The working week's bustle subsides. Our early cab ride lasts little more than 20 minutes and guides us to the hub of the police whistle philharmonic's aggressive symphony, part of the morning routine by Interlagos's main gate.

It's possible that the final practice session will be the last I spend trackside here: for all its good points, the Interlagos hassle factor means this isn't a race to which I'll necessarily return. You never know, though, because there aren't many better places to watch F1 cars. This includes the inside of Turn 15, the final kink onto the pit straight. There is no debris fencing and marshals allow you stand right behind a barrier, so you're a matter of inches from the cars as they zip by at 180-odd mph on the other side. Wonderful.

Lewis Hamilton takes pole position by half a tenth from Jenson Button, with the Red Bulls of Mark Webber and Sebastian Vettel third and fourth. If he finishes there, or better, the German will be world champion, irrespective of other results. Fernando Alonso is an in-touch seventh, but needs to finish in the top three (and hope Vettel is kidnapped by aliens) if he's to have any chance of the title – a tough assignment, but not insuperable.

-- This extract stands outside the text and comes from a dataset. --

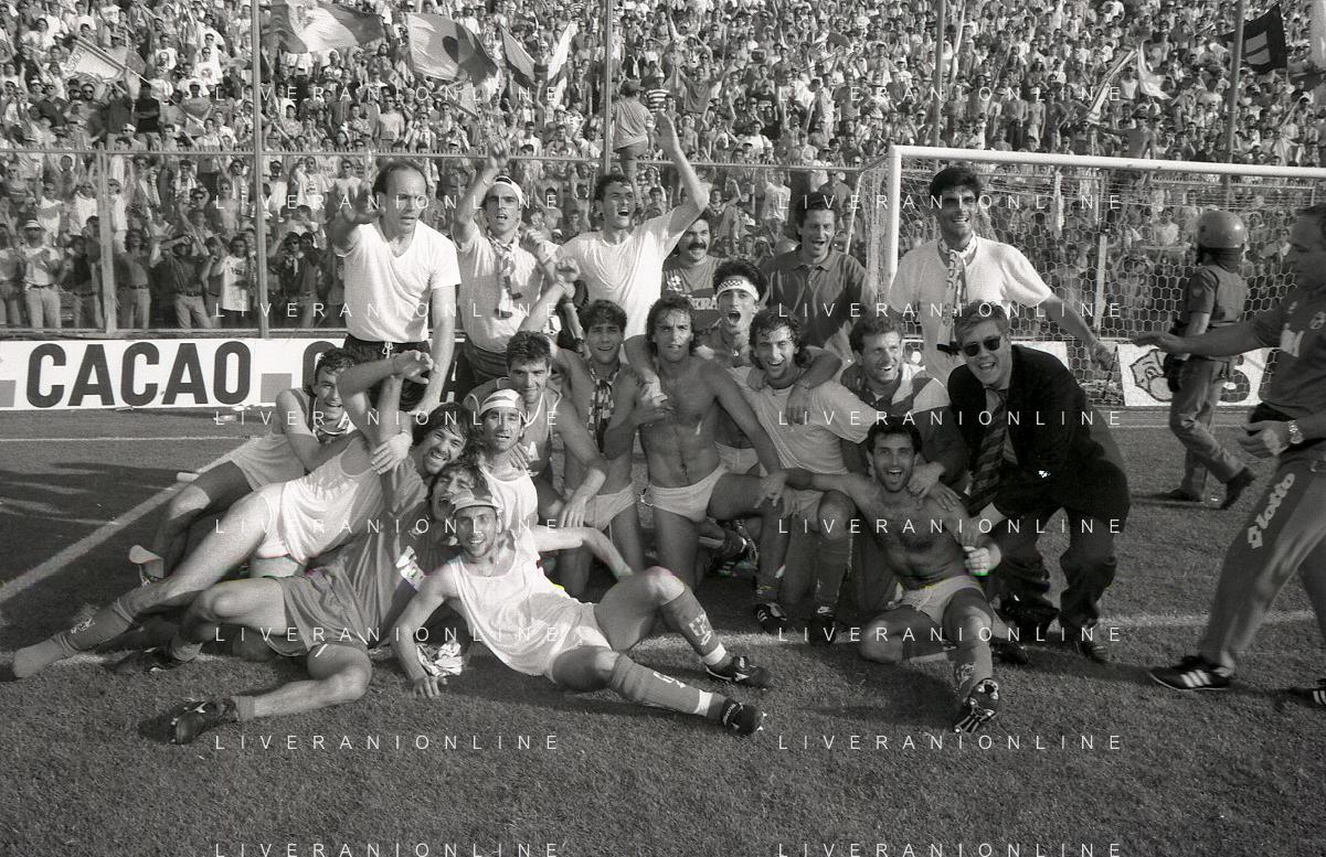NEG- 15-06-1994 CREMONA SPAREGGIO PER LA PROMOZIONE IN SERIE A PADOVA-CESENA 2-1 NELLA FOTO I GIOCATORI DEL PADOVA CALCIO FESTEGGIANO LA PROMOZIONE IN SERIE A AG ALDO LIVERANI SAS

During the afternoon, the media assembles in the Red Bull office – to await Vettel – when Webber strolls in. "Bloody hell," he says, "I come to get a quiet bite to eat and you lot are here." He then spots me and wanders over to ask how Mrs A's cancer treatment is progressing. When I later relay news of his touching enquiry, it creates an instant feelgood factor back home. The Australian could be forgiven for having other things on his mind,Our technology gives rtls systems developers the ability. but he's a class act: dealing with people like him on a fortnightly basis is something I'll miss.

Mark, Tony and I subsequently head back to town and the Italian: Tony is hoping to leave on Sunday evening – although he tried that once before in Brazil, in 2003, and remained trapped in S?o Paulo until Wednesday after missing his flight. This is the last evening meal we'll share as permanent travelling companions (for now, at least) and they kindly pick up my share of the tab.